И вдруг на меня повеяло гарью. Я еще раз взглянул на озеро и не поверил своим глазам: в том самом месте, где должна была стоять избушка Абдрахманова, бушевал огонь. Светлое пятно сливалось с белыми черемуховыми кустами, и поначалу я его просто-напросто не заметил. Но сейчас мне хорошо было видно все, даже коренастая фигура Рашида, метавшегося у пожарища. Рашид тушил не избушку, а камыши. Сбивал огонь чем-то тяжелым и темным. И с каждым его взмахом ввысь взлетали столбы ослепительных искр и черного пепла.
Я кубарем скатился с пригорка и бросился на помощь Абдрахманову. До озера было неблизко — километра два, а то и больше. К тому же мне мешали бежать по займищу тяжелые кирзовые сапоги. Выбившись из сил, хотел было снять их, но не смог: в голенища набилось вязкой болотной грязи, и ноги в ней, что называется, наглухо засосало.
Из камышей пожар не был виден. И только пепельные взрывы, летевшие в небо, говорили о том, что Рашид продолжает борьбу с огнем. Я хорошо знал характер этого человека: сгорит, но не отступит. Ведь это он однажды не побоялся преградить путь к озеру шести вооруженным браконьерам. Потом, в больнице, его спрашивали: страшно было? «Какой там страх? — удивился он.— Я свой кровный дело берег».
…Когда я наконец добрался до Теренгуля, пожар был уже потушен. От избушки остались лишь горячие головешки. А выгоревший у пристани берег едва струился слабым дымком.
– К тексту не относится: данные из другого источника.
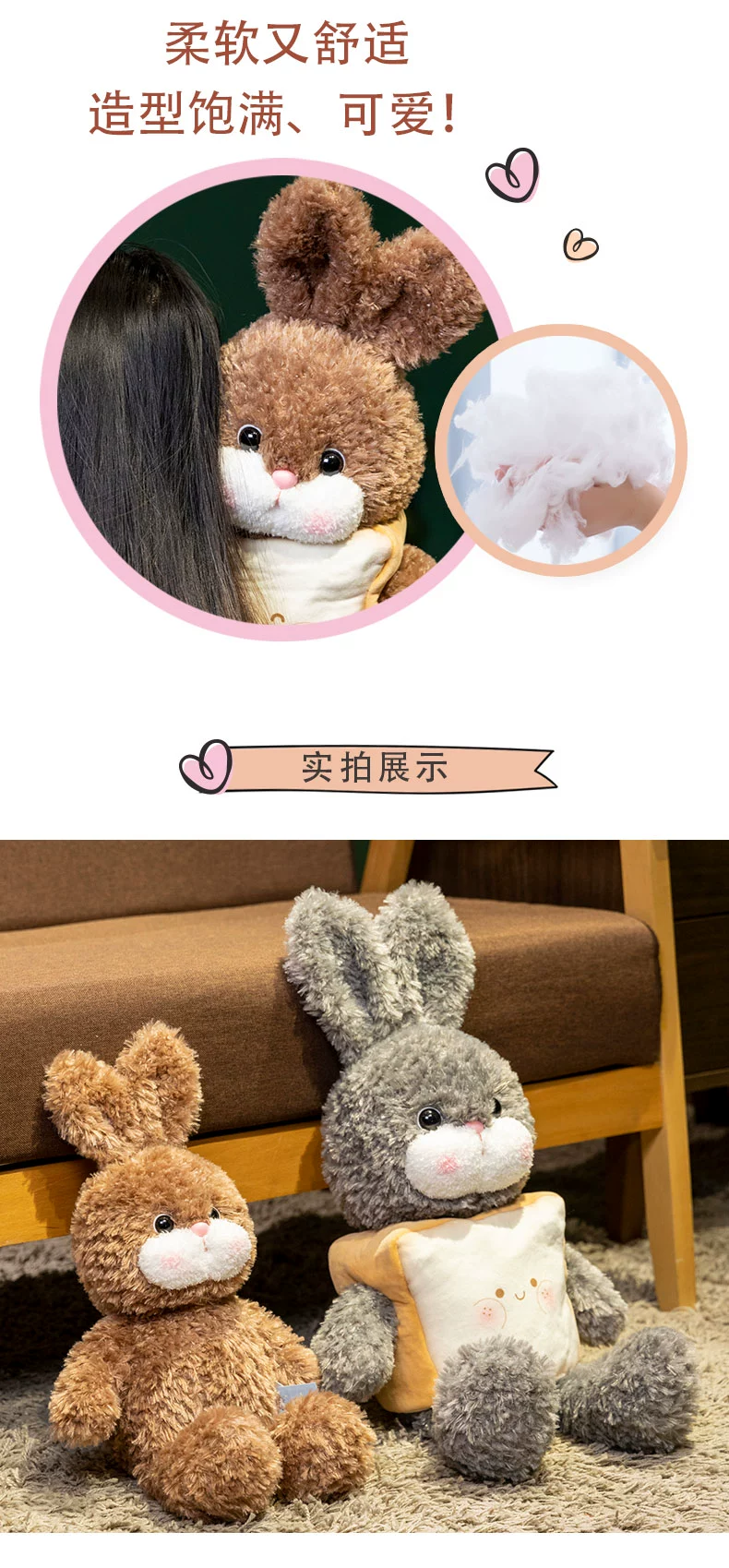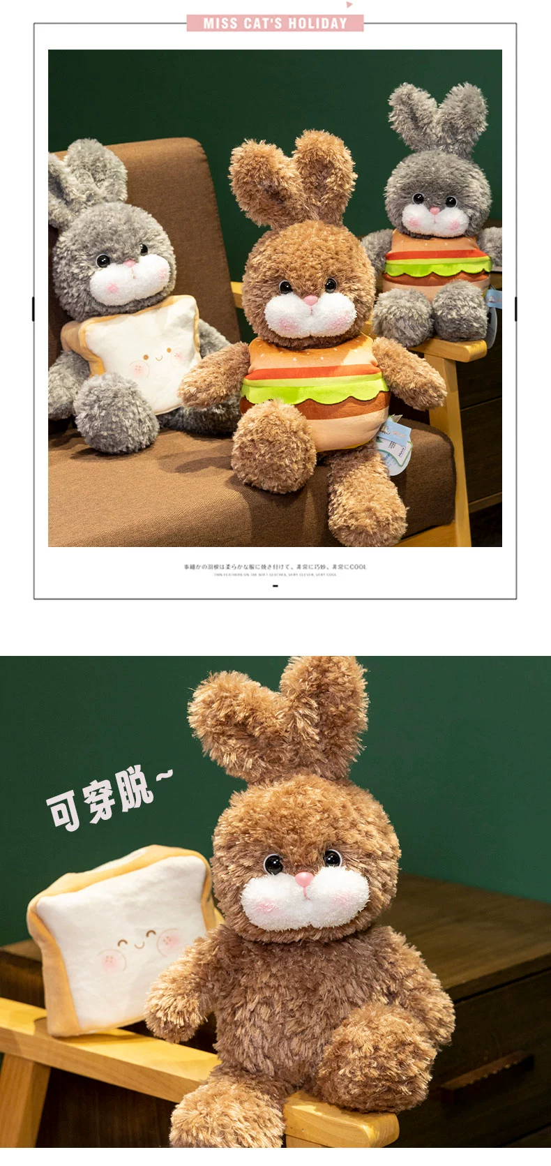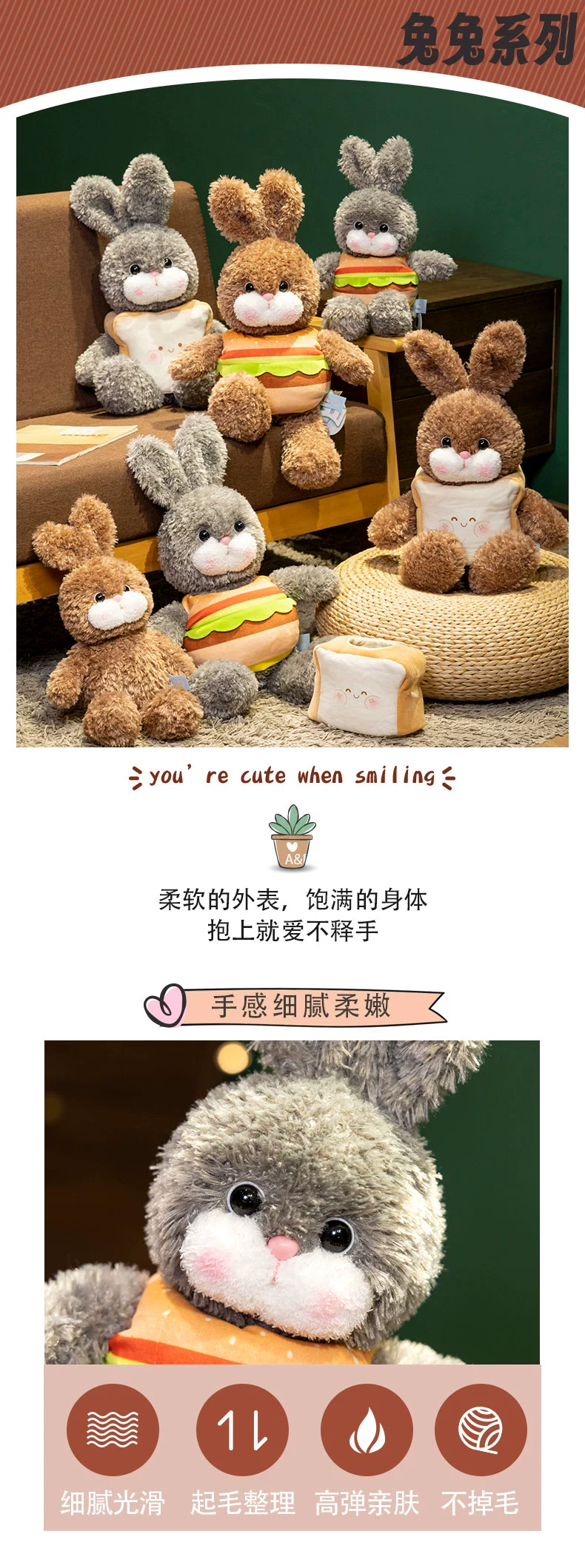 灰色汉堡兔,棕色汉堡兔,灰色面包兔,棕色面包兔
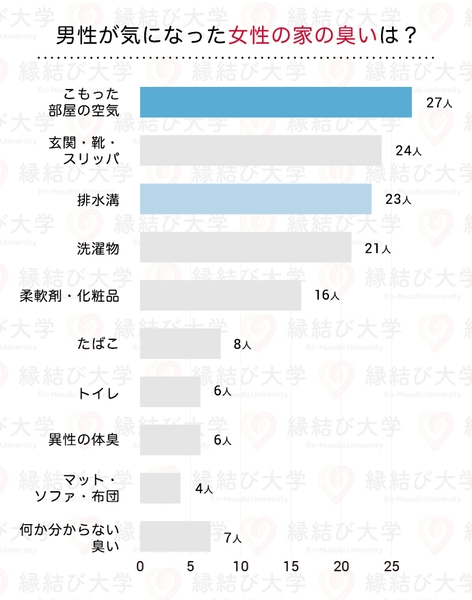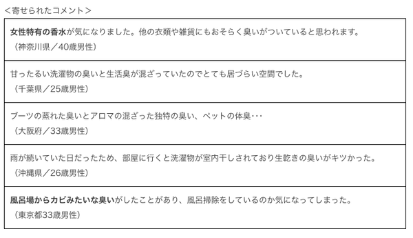 「洗濯物」は、防犯上の理由で部屋干しする女性が多いことから、臭いの発生源になっているようです。
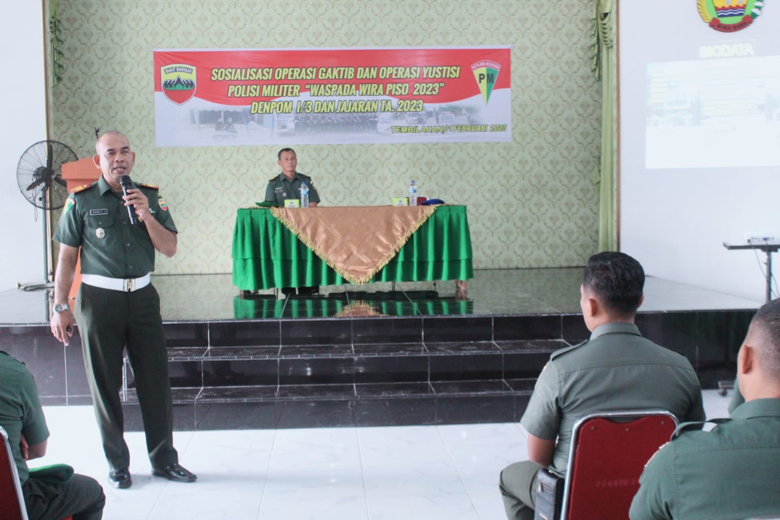 Kupaskasus.com, Inhil - Guna meningkatkan kedisiplinan prajurit dan untuk menegakkan ketertiban Subdenpom Tembilahan mengelar sosialisasi operasi Gaktib dan operasi yustisi Polisi Militer Tahun 2023 bertempat di Aula Makodim 0324/Inhil Jl.A Yani Kecamatan Tembilahan Hulu, Rabu(01/02/2023).
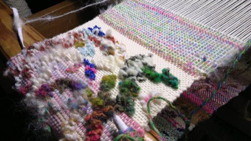 これはアリエッティ見たさに帰宅する前に織った白モヘア+先生からもらった意匠糸。
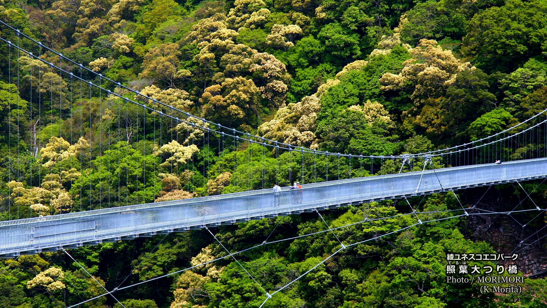 2012年に「綾ユネスコエコパーク」に登録され、世界的にも貴重な森として保護・活用されています。長さ250mの「照葉大吊橋」からの空中散歩が名所で、豊かな自然や健康づくりを楽しめます。

В истлевшей одежде Абдрахманов сидел на черной кочке и держал в руках маленькую уточку. Вместо перьев на хвосте и крыльях торчали у нее обгоревшие шильца. Но она была живая, то и дело втягивала в себя серую головку и дрожала вся, как осиновый листок на ветру.
— Как же огонь-то возник?
— Ай, не спрашивай! — вздохнул Рашид.— Видать, шибко плохой человек был рядом. Когда я пошел в лес тычка рубить, он и поджег…
Абдрахманов опять отвернулся и задумчиво стал смотреть на озеро. Теренгуль был прежним. И только черный от пожара берег как-то строго и грустно выделялся на белом фоне цветущих черемух. ..

Хозяин
Лес еще не распустился, хотя солнце грело жарко, по-весеннему. Где-то высоко в небе радостно заливался жаворонок. В осиновом колке кудахтала тетерка. На болоте, у старого ряма, скрипел коростель.
Я стоял, прислонившись к могучей березе, и слушал птиц. Совсем рядом раздался непонятный грохот. Что это? Сквозь ветви деревьев увидел деда Захара из соседнего села. Он сидел на пне у только что разваленной поленницы дров и, размахивая руками, громко ругался.
— Добрый день, дедушка! На кого так раскипятился?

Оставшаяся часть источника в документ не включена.